Anticipating the criticism that this post will cause, I hasten to say - I like Alibaba Group (NYSE:BABA) and I like the potential of this company's key market. To prove it, I previously wrote about the growth prospects of China's middle class and the high potential of Alibaba's cloud activity.
But for now, keeping a positive attitude towards the long-term prospects of Alibaba, I wish to draw attention to certain factors that may cause the company's share price to correct in the medium term.
Alibaba's Q2 2016 financial results are definitely good. The rise of dollar income by 48.2% YOY, as well as an increase in non-GAAP EBITDA by 31.9% YOY, testifies to the accelerated growth of the company without sacrificing its profitability.
But the fact that virtually the only indicator consistently showing a slowdown in the last two quarters is the number of Annual Active Buyers is alarming.
The graph below demonstrates the problem.
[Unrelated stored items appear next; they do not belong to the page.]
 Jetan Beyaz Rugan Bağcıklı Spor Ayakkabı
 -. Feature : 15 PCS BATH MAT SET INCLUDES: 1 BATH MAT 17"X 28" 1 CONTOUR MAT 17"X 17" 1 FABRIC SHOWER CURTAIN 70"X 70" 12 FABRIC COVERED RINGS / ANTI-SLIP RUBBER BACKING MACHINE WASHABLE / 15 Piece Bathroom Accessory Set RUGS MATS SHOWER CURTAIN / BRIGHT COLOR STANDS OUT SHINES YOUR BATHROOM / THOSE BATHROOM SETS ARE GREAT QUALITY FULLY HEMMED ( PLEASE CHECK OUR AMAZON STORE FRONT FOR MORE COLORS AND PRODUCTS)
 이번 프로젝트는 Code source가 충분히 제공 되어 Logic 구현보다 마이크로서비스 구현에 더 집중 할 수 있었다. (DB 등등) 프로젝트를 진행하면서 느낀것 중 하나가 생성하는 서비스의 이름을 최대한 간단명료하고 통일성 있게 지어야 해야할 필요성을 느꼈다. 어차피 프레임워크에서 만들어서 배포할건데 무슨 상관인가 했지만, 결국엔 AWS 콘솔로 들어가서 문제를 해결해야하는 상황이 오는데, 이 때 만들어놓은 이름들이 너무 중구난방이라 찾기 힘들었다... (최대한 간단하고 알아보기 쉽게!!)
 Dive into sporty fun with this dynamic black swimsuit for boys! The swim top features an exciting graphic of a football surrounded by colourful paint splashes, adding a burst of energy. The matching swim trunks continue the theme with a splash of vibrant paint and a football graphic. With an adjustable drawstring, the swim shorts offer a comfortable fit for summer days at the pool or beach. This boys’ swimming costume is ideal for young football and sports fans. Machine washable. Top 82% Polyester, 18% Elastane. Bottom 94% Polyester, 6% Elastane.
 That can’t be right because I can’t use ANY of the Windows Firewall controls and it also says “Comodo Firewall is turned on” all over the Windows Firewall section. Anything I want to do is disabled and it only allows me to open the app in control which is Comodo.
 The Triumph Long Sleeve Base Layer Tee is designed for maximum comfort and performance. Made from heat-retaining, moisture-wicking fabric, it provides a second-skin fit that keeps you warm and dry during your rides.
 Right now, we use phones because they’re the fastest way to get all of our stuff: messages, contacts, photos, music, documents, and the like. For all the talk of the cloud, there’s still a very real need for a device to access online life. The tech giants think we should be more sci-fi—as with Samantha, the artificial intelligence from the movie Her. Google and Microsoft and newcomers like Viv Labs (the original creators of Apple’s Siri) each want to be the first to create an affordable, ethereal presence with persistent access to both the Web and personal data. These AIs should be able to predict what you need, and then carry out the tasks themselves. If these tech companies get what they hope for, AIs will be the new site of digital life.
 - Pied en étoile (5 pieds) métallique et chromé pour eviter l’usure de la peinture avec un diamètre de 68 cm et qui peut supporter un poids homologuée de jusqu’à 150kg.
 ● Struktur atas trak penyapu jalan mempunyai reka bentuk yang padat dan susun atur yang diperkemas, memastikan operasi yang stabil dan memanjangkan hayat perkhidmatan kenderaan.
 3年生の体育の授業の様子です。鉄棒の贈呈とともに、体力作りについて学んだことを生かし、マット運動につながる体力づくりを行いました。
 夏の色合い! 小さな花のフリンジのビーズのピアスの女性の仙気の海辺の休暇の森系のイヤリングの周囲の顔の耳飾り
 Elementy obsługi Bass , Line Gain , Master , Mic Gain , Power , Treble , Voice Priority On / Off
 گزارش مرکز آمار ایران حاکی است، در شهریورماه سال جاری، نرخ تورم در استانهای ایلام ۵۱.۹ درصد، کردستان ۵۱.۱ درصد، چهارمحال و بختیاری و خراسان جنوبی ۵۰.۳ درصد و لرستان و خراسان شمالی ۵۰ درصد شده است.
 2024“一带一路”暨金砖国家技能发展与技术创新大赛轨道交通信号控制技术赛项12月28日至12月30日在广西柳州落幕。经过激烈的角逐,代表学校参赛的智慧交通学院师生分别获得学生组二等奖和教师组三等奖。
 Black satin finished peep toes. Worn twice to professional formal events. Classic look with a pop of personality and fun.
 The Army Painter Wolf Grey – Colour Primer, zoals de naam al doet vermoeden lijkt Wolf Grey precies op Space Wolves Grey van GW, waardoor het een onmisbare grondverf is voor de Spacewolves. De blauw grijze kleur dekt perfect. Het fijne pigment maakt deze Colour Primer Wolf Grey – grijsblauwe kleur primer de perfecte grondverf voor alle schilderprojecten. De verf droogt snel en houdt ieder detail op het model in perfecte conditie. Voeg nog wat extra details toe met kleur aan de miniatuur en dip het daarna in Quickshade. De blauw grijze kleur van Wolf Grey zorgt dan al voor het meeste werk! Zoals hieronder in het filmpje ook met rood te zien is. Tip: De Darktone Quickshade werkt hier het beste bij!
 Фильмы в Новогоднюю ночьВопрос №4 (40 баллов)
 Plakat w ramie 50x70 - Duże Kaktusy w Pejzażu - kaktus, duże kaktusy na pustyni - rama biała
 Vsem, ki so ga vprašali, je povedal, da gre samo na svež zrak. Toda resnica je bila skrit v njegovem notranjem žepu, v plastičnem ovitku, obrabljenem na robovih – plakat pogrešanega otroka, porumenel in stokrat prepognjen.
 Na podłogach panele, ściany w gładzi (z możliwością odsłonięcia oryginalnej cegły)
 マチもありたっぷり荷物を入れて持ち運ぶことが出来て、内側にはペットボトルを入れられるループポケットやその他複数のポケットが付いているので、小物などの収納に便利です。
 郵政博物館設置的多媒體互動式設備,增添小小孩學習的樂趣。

Before the Q1 2016 results, the growth trend in the number of Alibaba's active buyers was consistent with the linear model and envisioned reaching 600 million as early as by 2018. However, after the publication of the Q1 and Q2 results, the most adequate trend model forecasts slower growth in the number of active buyers at the level of 500 million by 2018.
Source of data: Alibaba Group
There was an article in which the fundamental causes of this phenomenon were deeply analyzed, taking into account the level of penetration of Internet in China and the population growth. But what is important is the fact that the inflow of active buyers on Alibaba is slowing down. This means that revenue growth is mainly achieved by increasing the efficiency and activity of existing customers, but this process has objective growth boundaries.
I know, Jack Ma says that 40% of Alibaba's business will be outside China within 10 years, and this means a great potential to attract new buyers in the future, but this is the only plan that does not have an expression in figures yet.
Since the publication of the Q2 statements, Alibaba's shares have risen by more than 25%. At the same time, the P/S ratio has risen to this year's January level. The important thing to remember is that the last time this level was reached was followed by a correction of the price level.
When comparing the P/S ratios of Alibaba and its competitors, it is even more difficult to speak about the adequacy of the current price level.
It is also worth noting that Alibaba's share price has approached the average level of the current analysts' predictions which may cause a partial profit taking.
Source: Yahoo Finance
Since the beginning of September, there has been interest regarding the issue of China's debt. According to the Bank for international settlements, the gap between the debt and China's GDP has broken a new record and at the moment exceeds the risk threshold three times.
The growth rate of China's debt is especially alarming. In 2008, the debt amounted to 147% of GDP, whereas in March this year it already exceeded 255% of GDP.
Whether or not the rapid growth of China's debt may lead to the banking crisis deserves a separate discussion. Nevertheless, this issue does not benefit Alibaba's share price in terms of informational background.
Source: Google Trends
Let me repeat what I've said at the beginning. Alibaba Group is a strong company and it is difficult to overestimate the potential of China. But the 25% increase in the share price after the publication of the Q2 statements has already reflected a large part of the positive financial results, and probably, the shares require a correction before the publication of the Q3 report.
Disclosure: I/we have no positions in any stocks mentioned, and no plans to initiate any positions within the next 72 hours.
I wrote this article myself, and it expresses my own opinions. I am not receiving compensation for it (other than from Seeking Alpha). I have no business relationship with any company whose stock is mentioned in this article.